Once our model is done training, we can use the model to make
predictions on unseen data using model.predict(), or we can further
evaluate different model metrics like accuracy using the metrics we
discussed in the Compile section.
For examples of fully implemented Keras models, see the HSI articles on
Convolutional Neural Networks, and Feed-Forward Neural Networks.
TENSORFLOW
Often, most networks can be built using the Keras package. Despite how
much work Keras does for you, it still allows for model flexibility.
However, occasionally it can be necessary or useful to customize or
optimize your models even further. Keras is able to use multiple
backends to actually build the tensor calculations necessary to train a
network. Tensorflow is very commonly used, but is a standalone library
and can be accessed by itself using import tensorflow.

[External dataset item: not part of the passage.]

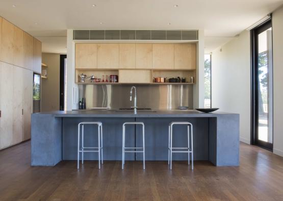 Situated at the top of a hill with views overlooking Merricks and Western Port Bay, the key design driver for this rural weekender was to use materials that respond to the natural features of the site.
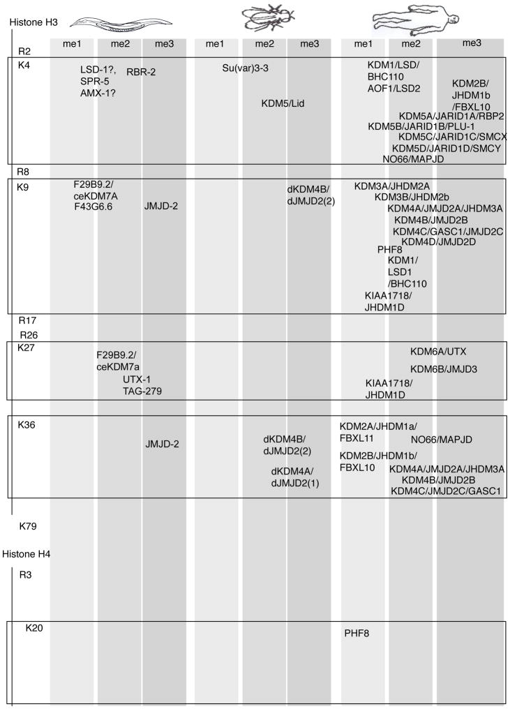 Histone methylation occurs on all basic residues: arginines3, lysines4 and histidines5. Lysines can be mono (me1)4, di(me2)6, or tri(me3)7 methylated on their ε amine group, arginines can be mono(me1)3, symmetrically dimethylated (me2s), or asymemetrically dimethylated(me2a) on their guanidinyl group8, and histidines have been reported to be monomethylated8,9 although this methylation appears to be rare and has not been further characterized. The most extensively studied histone methylation sites include histone H3 lysine 4 (H3K4), H3K9, H3K27, H3K36, H3K79 and H4K20. Sites of arginine methylation include H3R2, H3R8, H3R17, H3R26 and H4R3. However, many other basic residues throughout the histone proteins H1, H2A, H2B, H3 and H4 have also been recently identified as methylated by mass spectrometry and quantitative proteomic analyses (2, reviewed in 10). The functional effects and the regulation of the newly identified methylation events remain to be determined.

Tensorflow allows you to be hands-on with the computational elements of
your model. It also is incredibly fast, as the models you build are
eventually executed (at least in part) in C++. Tensorflow is so named,
because in building a model, you essentially create a pipeline through
which your data (which is, after all just a tensor) can flow. While
Tensorflow does a lot of work for you behind the scenes so that you can
use your time to build beautiful models instead of getting bogged down
in the details of implementation, it is still far less simple and
accessible than Keras. Often, developers will choose to use Keras when
possible since it gives you many of the advantages of Tensorflow (like
speed), while allowing for much simpler syntax.
CONCLUSION
Python has a very well developed and easily accessible set of tools that
can help you build all kinds of Machine Learning models; from simpler
models in scikitlearn, to highly customizable networks in
Tensorflow. Each tool has its own strengths and weaknesses, but
together, they provide almost limitless access to any kind of Machine
Learning model you could need to deploy.